Directions for this task.
Everything from the line with "- かにめし・鮭ごはん(各9" down to the line with "В районе Мариуполя, на" below must be printed exactly, those two lines included. Exclude pictures.

Records shown.
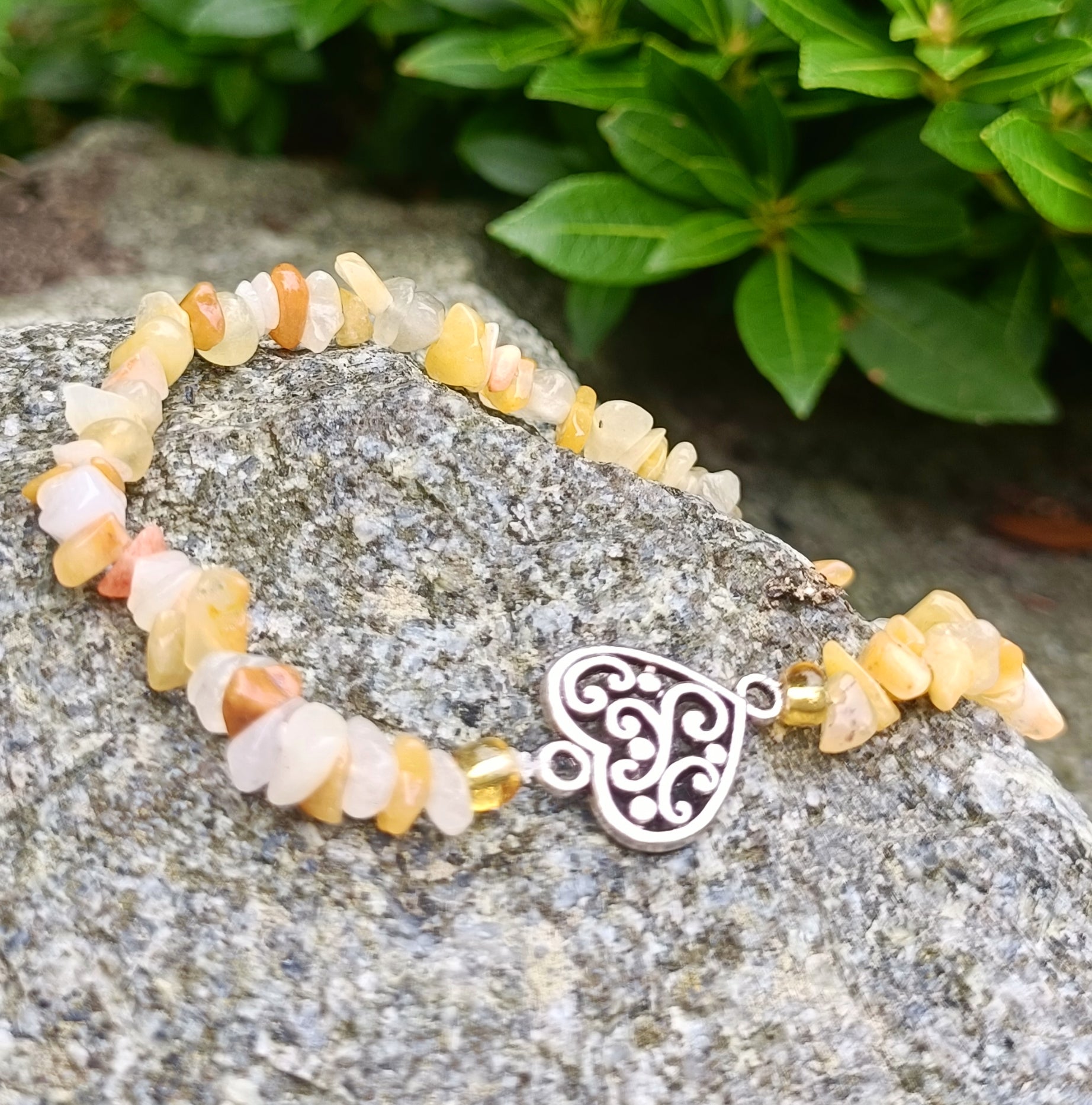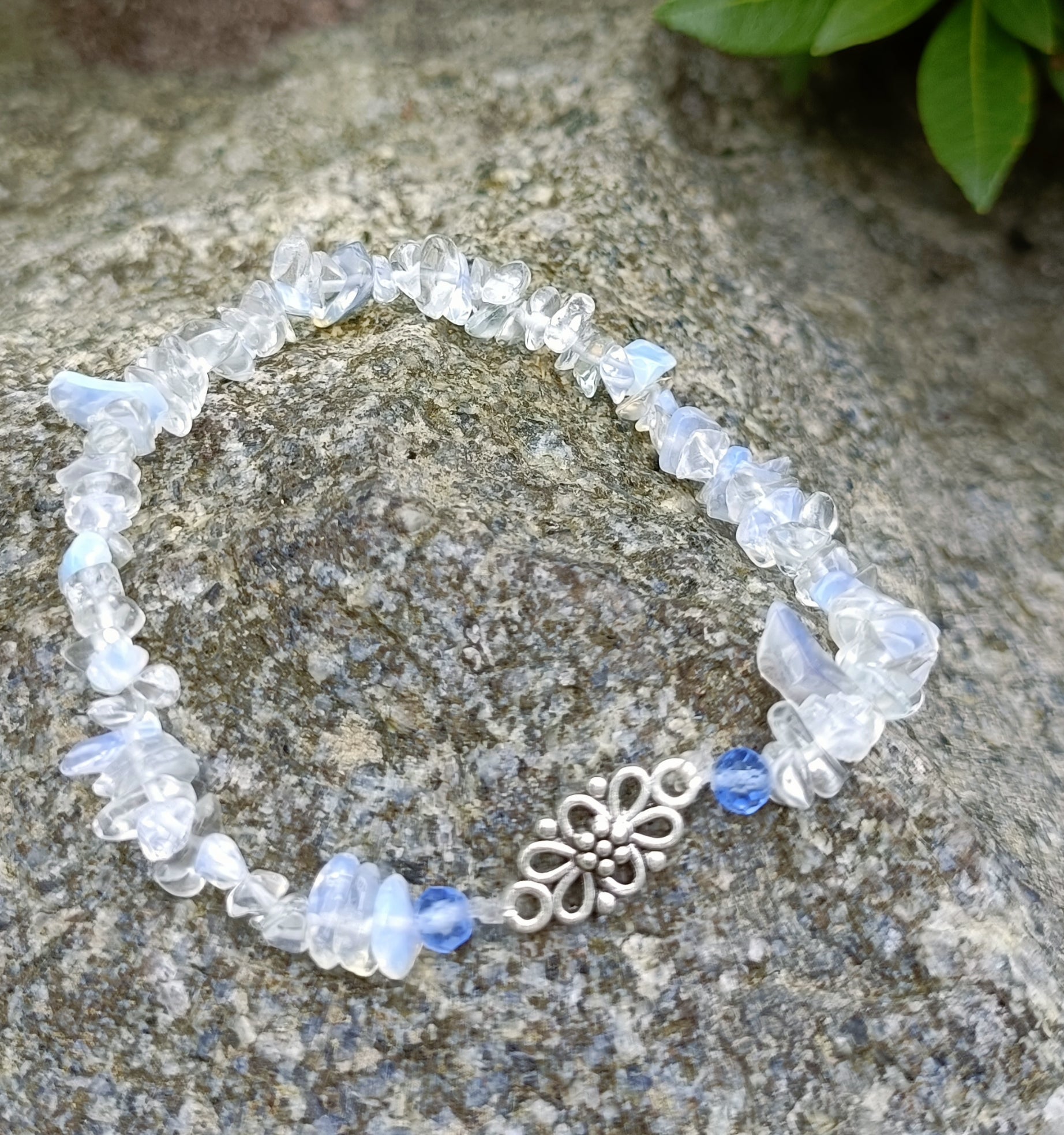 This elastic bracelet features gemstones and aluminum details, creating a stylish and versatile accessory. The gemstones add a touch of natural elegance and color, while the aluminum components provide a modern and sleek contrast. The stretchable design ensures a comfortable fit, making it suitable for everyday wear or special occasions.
* * *
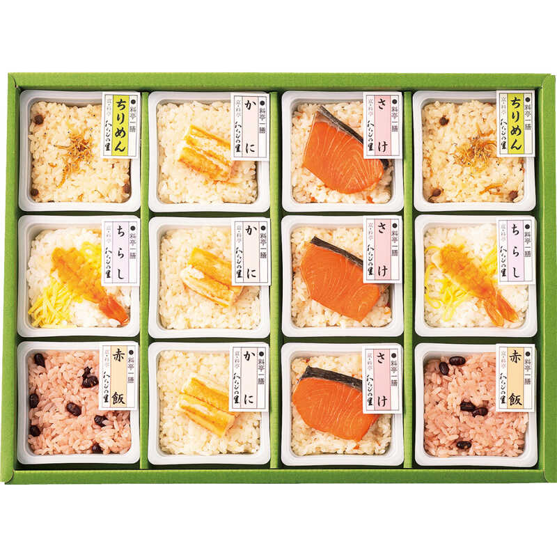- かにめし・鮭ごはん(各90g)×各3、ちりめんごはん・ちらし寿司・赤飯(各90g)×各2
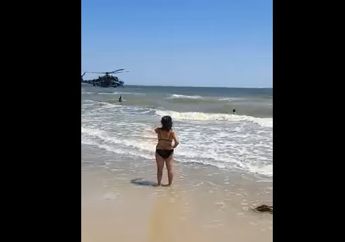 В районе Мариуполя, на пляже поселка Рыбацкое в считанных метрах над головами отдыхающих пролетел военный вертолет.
---
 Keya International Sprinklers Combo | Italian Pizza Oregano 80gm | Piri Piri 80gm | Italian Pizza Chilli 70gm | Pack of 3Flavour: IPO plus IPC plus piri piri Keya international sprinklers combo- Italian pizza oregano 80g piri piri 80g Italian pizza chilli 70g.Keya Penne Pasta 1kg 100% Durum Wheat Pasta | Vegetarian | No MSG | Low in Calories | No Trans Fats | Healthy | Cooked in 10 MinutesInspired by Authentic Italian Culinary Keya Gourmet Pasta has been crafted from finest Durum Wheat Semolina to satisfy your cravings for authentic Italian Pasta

Response to the exercise.
- かにめし・鮭ごはん(各90g)×各3、ちりめんごはん・ちらし寿司・赤飯(各90g)×各2
 В районе Мариуполя, на пляже поселка Рыбацкое в считанных метрах над головами отдыхающих пролетел военный вертолет.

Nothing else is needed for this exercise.